### REQUIRED WORK
Where a picture occurs in the data, omit it, and copy all remaining data exactly.

### EXERCISE DATA
+---+
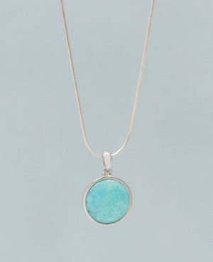 Staying on the bright side isn’t always easy. Neither is staying calm. Thankfully, there’s amazonite gemstone. Famously known as the “Hope Stone” this gem's gentle vibrations soothe your soul and fill you with optimism. Simply designed for a minimalist look, our amazonite pendant is a source of peace and positivity you can wear all day. On the reverse, you’ll find the stone’s two defining qualities-a little reminder to keep calm and keep your head high.
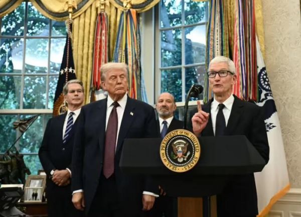 图源:IT之家值得一提的是,就在当天,苹果公司CEO 蒂姆・库克 (Tim Cook) 与特朗普在白宫椭圆形办公室宣布了一项 1000 亿美元的新投资计划。计划是将在未来四年向美国公司和供应商额外投入,加上前段时间的 5000 亿,就是 4 年 投入 6000 亿美元了。
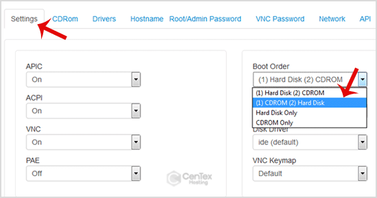 3. Scroll down, and under the settings tab, change the Boot Order to (1) CDROM (2) Hard Disk.
+---+
### EXERCISE SOLUTION
 Staying on the bright side isn’t always easy. Neither is staying calm. Thankfully, there’s amazonite gemstone. Famously known as the “Hope Stone” this gem's gentle vibrations soothe your soul and fill you with optimism. Simply designed for a minimalist look, our amazonite pendant is a source of peace and positivity you can wear all day. On the reverse, you’ll find the stone’s two defining qualities-a little reminder to keep calm and keep your head high.
 图源:IT之家值得一提的是,就在当天,苹果公司CEO 蒂姆・库克 (Tim Cook) 与特朗普在白宫椭圆形办公室宣布了一项 1000 亿美元的新投资计划。计划是将在未来四年向美国公司和供应商额外投入,加上前段时间的 5000 亿,就是 4 年 投入 6000 亿美元了。
 3. Scroll down, and under the settings tab, change the Boot Order to (1) CDROM (2) Hard Disk.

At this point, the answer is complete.